For immediate inline plotting in an IPython notebook, put the magic command %matplotlib inline at the top. This will tell IPython to bring your matplotlib plots to life, right within the notebook.

Here's a quick example:

%matplotlib inline
import matplotlib.pyplot as plt

# Let's draw a line - it's simple, but that's our "hello world" in matplotlib.
plt.plot([1, 2, 3], [4, 5, 6])

Understanding your environment

Before diving into plotting, let's first talk about the environment. It's crucial to check your IPython and matplotlib version compatibility. Think of it like a handshake: you want both sides to understand each other perfectly to ensure smooth cooperation.

Check your backend using matplotlib.get_backend(). This is similar to asking matplotlib which engine it's using under the hood. We want to see 'inline' here.

import matplotlib # A backend so good, even backend developers would appreciate it! print(matplotlib.get_backend())

Also, beware of conflicting configurations in IPython profiles or Matplotlib config files; they might cancel out your inline settings like a moody friend.

Experimenting with backends

The traditional %matplotlib inline might feel boring after a while. Pick up matplotlib notebook for interactive features like zooming and panning - yes, it's like jumping from a static photo to a 3D game.

%matplotlib notebook

For the explorers out there, matplotlib offers a variety of backends. Give 'nbagg' or 'widget' a try for some unique inline plotting experiences.

%matplotlib nbagg

Troubleshooting hacks

Stuck in the inline blues? Let's begin the hunt. Try placing %matplotlib inline at the very beginning of the code cell. Remember, it's not just about hard work, it's more about smart work!

Also, order of execution matters. Make sure you run the %matplotlib inline command before your plot calls - yes, it's one of the rare times when the sequence matters more than the Netflix series you're watching.

Best practices

Import matplotlib and numpy before any plotting action - consider it your basic prep-up routine. It's like brushing your teeth before a meal; you technically don't have to, but it's better if you do!

import numpy as np import matplotlib.pyplot as plt

Maintain a consistent inline experience by setting the IPython kernel to default inline mode using the configuration file.

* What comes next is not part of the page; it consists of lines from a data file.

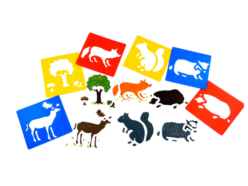 Wasbare plastic stencils (hert, das, eekhoorn, vos, boom en egel). Ideaal voor gebruik met verf, kleurpotloden, potloden en viltstiften. Gemaakt van robuust kunststof, gemakkelijk wasbaar en herbruikbaar. Deze kleurrijke plastic stencils zijn bedoeld voor gebruik door kinderen. Ze zijn geweldig voor het bevorderen van creativiteit en hand-oogcoördinatie.
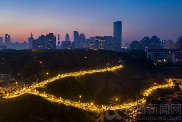 到了傍晚,公園的棧道兩旁亮起燈光,蜿蜒曲折,又讓身處其間的人們感覺(jué)到溫馨浪漫。很多年輕人紛紛來(lái)到這里拍照,并上傳各種社交媒體平臺(tái),使這里成為目前青島最受歡迎的網(wǎng)紅打卡地之一。
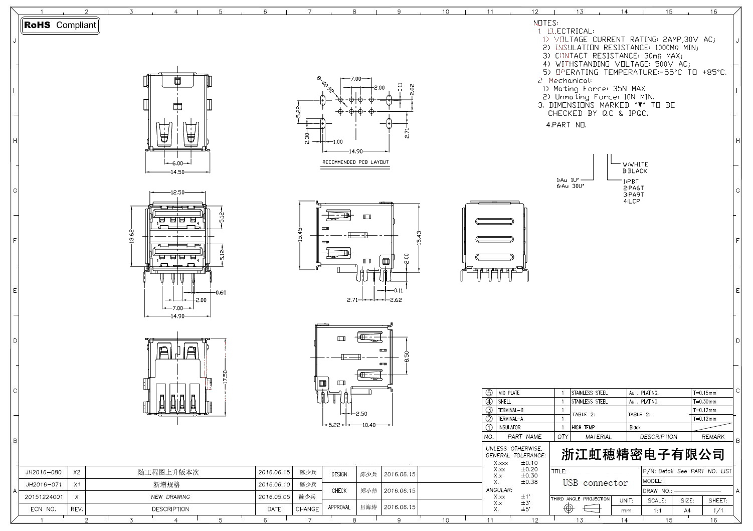 2.0USB插座技術參數:
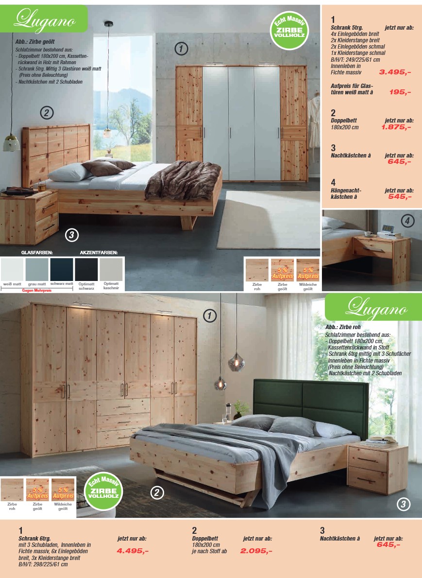 Schlafzimmerprogramm LUGANO in Zirbe geölt
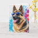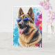 Blank greeting card of a German Shepherd in cool shades with a splash art background.
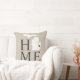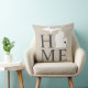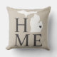 O travesseiro na moda de boas-vindas apresenta um design de tipografia com texto "Home" e mapa do estado de Michigan. O marcador de cidade do coração preto suave / onyx pode ser posicionado sobre a cidade onde você mora via Personalizar. Cor bege, preto suave e branco. Um padrão de listras horizontais veste a parte de trás do travesseiro.

c.InteractiveShellApp.matplotlib = "inline"

Also, a quick syntax check for your plot code and a scan for any hidden errors is like having a bodyguard. You're safer!

Adding spice to your plot life

If you don't appreciate changing settings each time, consider adding c.InteractiveShellApp.matplotlib = "inline" to your IPython configuration file. The inline backend will become your default buddy!

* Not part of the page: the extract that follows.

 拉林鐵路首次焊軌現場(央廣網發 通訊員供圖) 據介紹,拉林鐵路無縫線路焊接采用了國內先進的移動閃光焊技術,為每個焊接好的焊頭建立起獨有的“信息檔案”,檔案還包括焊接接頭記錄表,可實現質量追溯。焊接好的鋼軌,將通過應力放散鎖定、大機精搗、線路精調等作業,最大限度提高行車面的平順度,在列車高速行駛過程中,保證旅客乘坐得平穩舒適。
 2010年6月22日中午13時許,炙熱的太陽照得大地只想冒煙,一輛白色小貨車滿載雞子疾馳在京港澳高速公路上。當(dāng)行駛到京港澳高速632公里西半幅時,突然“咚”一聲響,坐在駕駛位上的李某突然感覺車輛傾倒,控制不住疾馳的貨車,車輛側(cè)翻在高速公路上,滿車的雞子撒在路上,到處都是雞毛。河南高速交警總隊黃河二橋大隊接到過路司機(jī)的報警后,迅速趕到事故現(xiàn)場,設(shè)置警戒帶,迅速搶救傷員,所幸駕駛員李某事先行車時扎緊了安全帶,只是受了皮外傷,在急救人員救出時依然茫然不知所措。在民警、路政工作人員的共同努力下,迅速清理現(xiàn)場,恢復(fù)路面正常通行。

For the brave hearts, manually setting the backend to module://IPython.kernel.zmq.pylab.backend_inline can allow precise control but remember, with great power comes great responsibility.

matplotlib.use('module://IPython.kernel.zmq.pylab.backend_inline')

In case the output is <matplotlib.figure.Figure at 0x...> but no actual plot appears, your notebook might be giving the silent treatment to the inline magic. Check and run %matplotlib inline again.

If %matplotlib inline isn't functioning as wished, consider testing different backends. It's like trying on different outfits to pick the best look!